Research finds new genes contributing to severe childhood obesity
MedicalXpress Breaking News-and-Events Jun 05, 2020
By the age of five, one in four children are either overweight or obese. While easy access to high calorie foods and sedentary lifestyles have driven the rise in childhood obesity in recent years, some children seem able to eat what they like and remain thin, while others gain weight very easily. An individual's risk of gaining weight is strongly influenced by their genes, and some children who gain a lot of weight, are known to have faulty genes.
In a new study published in the journal Cell Metabolism, a team led by the Wellcome-MRC Institute of Metabolic Science, University of Cambridge interrogated hundreds of genes in 2,737 severely obese children and 6,704 healthy volunteers. The team, which was co-led by Professor Inês Barroso, who is now at the University of Exeter Medical School, ound that while some genetic changes were found in both overweight and normal weight people, for three genes, there were more changes predicted to lead to faulty genes in overweight people than in healthy volunteers. This suggested that these genes (called PHIP, DGKI, ZMYM4) might be playing an important role in controlling a person's weight.

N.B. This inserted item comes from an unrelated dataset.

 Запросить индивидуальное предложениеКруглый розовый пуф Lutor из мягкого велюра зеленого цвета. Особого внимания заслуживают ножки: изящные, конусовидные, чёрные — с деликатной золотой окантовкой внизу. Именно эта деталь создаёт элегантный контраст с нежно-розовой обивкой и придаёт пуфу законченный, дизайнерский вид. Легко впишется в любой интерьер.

One of the genes called PHIP was particularly interesting because changes in this gene have been found in children with learning difficulties, some of whom were reported to be overweight. Together this work suggested that PHIP might be a key gene for controlling both development and weight. The team then performed experiments to explore the potential ways in which PHIP might regulate weight. They found that inside a cell, PHIP acts to switch on another gene called POMC, which suppresses appetite after a meal. If PHIP is working correctly, it boosts the POMC signal which makes people feel full. When they tested the changes in the PHIP gene found in overweight people, they found these changes stopped the PHIP gene from working correctly, and lowered the amount of POMC. Lower levels of POMC are known to cause weight problems in some children, so this work provides a potential explanation for the link between the PHIP gene and weight problems that they discovered.
In additional analyses, the researchers found 157 genes which collectively contained more changes predicted to lead to faulty genes in the overweight individuals compared to healthy volunteers. In the future, studying this group of genes in additional overweight people will be important and may lead to new discoveries of genes involved in weight regulation.

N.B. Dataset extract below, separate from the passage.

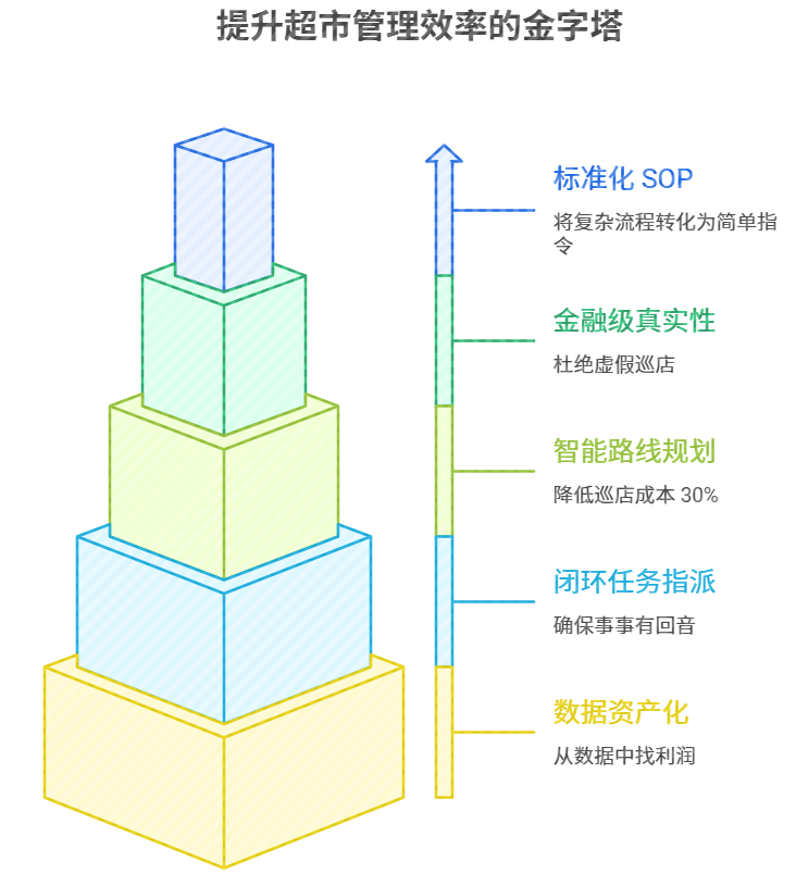 现在超市巡店系统已不再是简单的拍照工具,而是一套集“提人效、降费用、保真实”于一体的效率引擎。通过数字化巡店,企业可以将繁琐的线下行为转化为可量化、可审计的数据,从而实现从“感性管理”到“理性决策”的跨越。

"Over the last 20 years, many people have been trying to find genes that affect a person's weight. By focussing on more common forms of genetic variation in large population studies, so called Genome-Wide Association Studies (GWAS), researchers have identified over 250 genetic regions that are associated with obesity. However, these common variants do not explain why some children develop severe obesity. In this study we identified rare genetic variants that are predicted to lead to faulty genes and that appear to explain a part of this "missing heritability" in severe childhood obesity." explains Professor Barroso.

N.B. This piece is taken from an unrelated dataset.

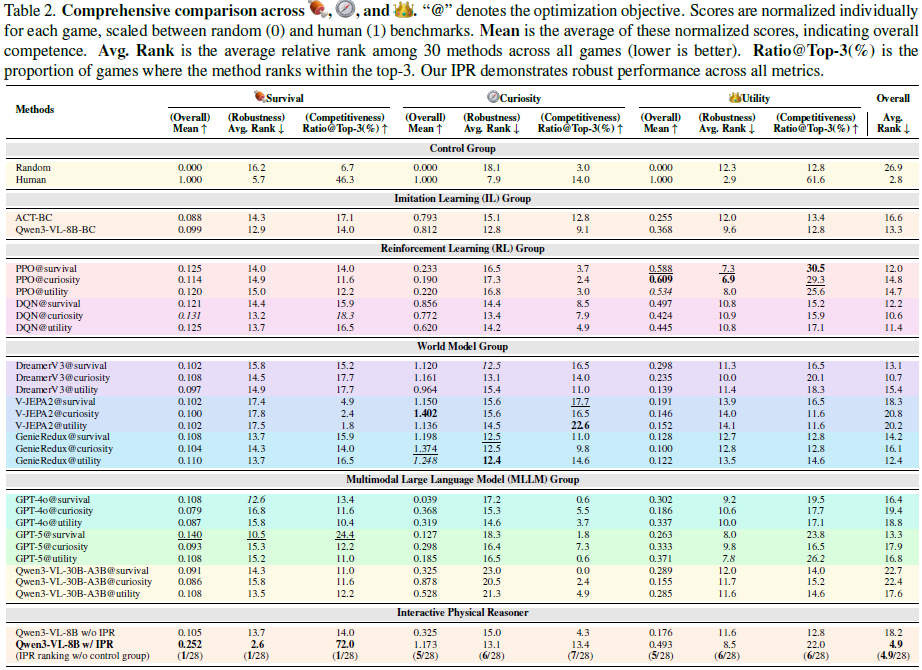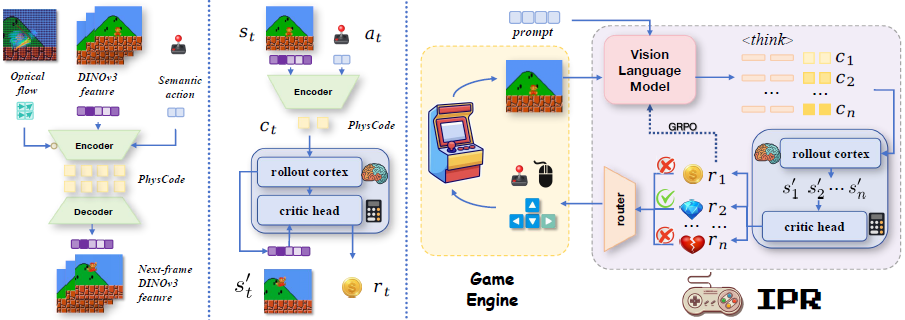 IPR 是一种通过将以物理为中心的潜在动作空间与预测引导的 VLM 优化相结合来用预测强化物理推理的范式,使得物理和因果规律直接从交互后果中提炼,而非来自静态语料库。IPR 相较于基于 VLM、基于预测和基于强化学习的基线都产生了稳健的增益,并显示出对未见游戏的强大零样本迁移能力。

"These findings have implications for the children who carry changes in the PHIP gene. Our findings suggest that PHIP should be included in genetic testing recommended in clinical guidelines as part of the assessment of severe childhood obesity, particularly in children with developmental delay. These findings may also inform treatment of people with the faulty PHIP gene, as there are medications in clinical trials which work on this pathway in the brain that controls appetite," says Professor Farooqi.